After each iteration, we calculate the original image size and the compressed size, helping us illustrate the compression efficiency. With both quantization methods, the image size is reduced by approximately 98.43%, demonstrating the effectiveness of the process.
In the final encoding step, we merge the compressed segmented clothes data and the quantization results into a singular bitstream. This simplifies the decoding process, allowing for it to be conducted in any programming language by simply reading the bitstream.
bitstream = []
for n in range(MAXAD, 0, -1):
bitstream.append(compress_with_fixed_rate(Dn))
bitstream.append(compress_with_embedded_extension(Dn3n))
The bitstream starts with the compressed 'segm_clothes' data, followed by an iterative loop that appends two layers per cycle: a fixed-rate layer at delta 'Dn' and an embedded extension at 'Dn3n'. With each iteration, 'maxad' is decreased and 'n' is increased, resulting in an accurate representation of the sequence outlined in Figure 17.
Appending the bitstream in this manner ensures efficient encoding and facilitates a smooth decoding process later on.
An image decoder that reconstructs the original data from the encoder output.
The decoder reverses the encoding process, loading data such as image dimensions and compressed sizes to adapt to changes in the dataset or parameters. The decoder can be broken into the following steps:
- Convert binary strings back into decimal values.
- Use these values with a cumulative distribution function to estimate initial pixel intensities.
- Reshape the output to match the original image.
- Use the function described in Eq.21 to dequantize the data.
- Understand that dequantized data will approximate the original, resulting in some quality loss due to data loss during quantization.
- Create an empty image.
- Loop through each label in the segmented image.

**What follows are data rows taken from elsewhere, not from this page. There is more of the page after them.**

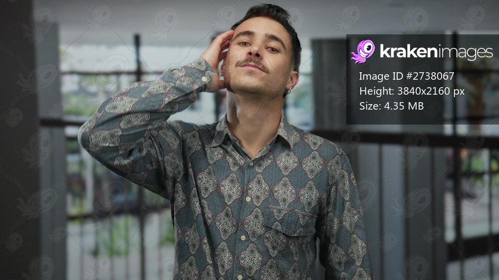 Young hispanic man standing confidently indoors in a modern hotel hallway, showcasing casual style and contemporary fashion setting.
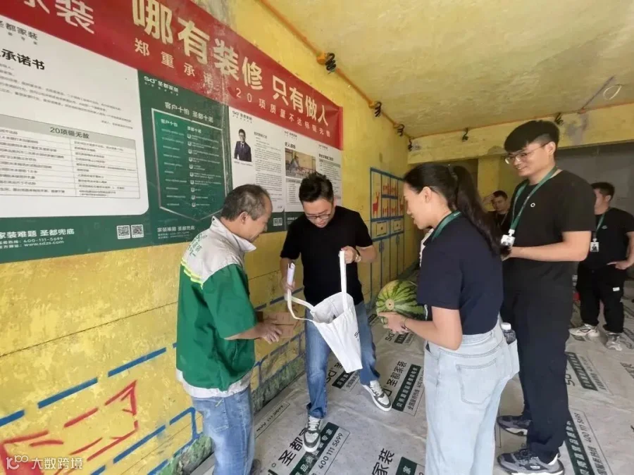 在巡检地最后,蒿总带领服务团队为现场辛勤建设的工人们送上清凉礼包(工艺手册、挂脖风扇、西瓜、手套和水),感谢他们炎热的工地中依然恪尽职守,为客户实现美好家愿而作出的贡献。
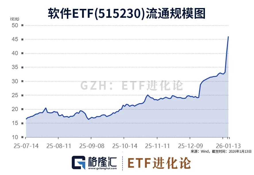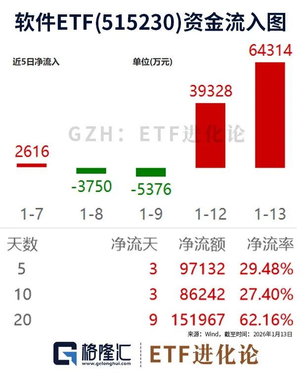开年8个交易日,在横空出世的“GEO”新概念刺激下,资金首先选择了软件、传媒方向,软件ETF(515230)两日获资金净申购10.36亿元。
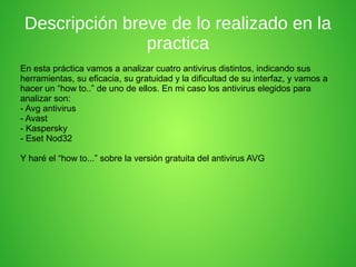 El documento describe cuatro antivirus analizados: AVG, Avast, Kaspersky y Eset Nod32. Incluye una guía paso a paso de cómo instalar y usar la versión gratuita de AVG. Explica que AVG tiene una interfaz sencilla y versiones gratuita y de pago, mientras que Avast es uno de los mejores antivirus gratuitos con varias herramientas de protección. También señala que Kaspersky es galardonado por su protección contra diversas amenazas y que Eset Nod32 ofrece antivirus y antispy

- Calculate and assign residual values to pixels, reconstructing the image.
- Decode the encoded tags into a bit stream representing compressed image data.
- Reshape the decoded stream to match the original image.
- Identify unique segments in the image.
- Calculate the mean pixel value for each segment.
- Apply this mean value to the corresponding region in the reconstructed image.
- Initialize a new image.
- Extract unique labels from the label map and create a mask for each label.
- Add together the pixel values from the residual image and the reconstructed segmented clothes image for each segment in the new image.
- Copy the original input picture.
- Retrieve the labels from the label map.
- Replace the segmented parts in the reconstructed original image with their counterparts from the reconstructed segmented image.
- Observe that the reconstruction will show some losses due to quantization, which can be observed in the final plots.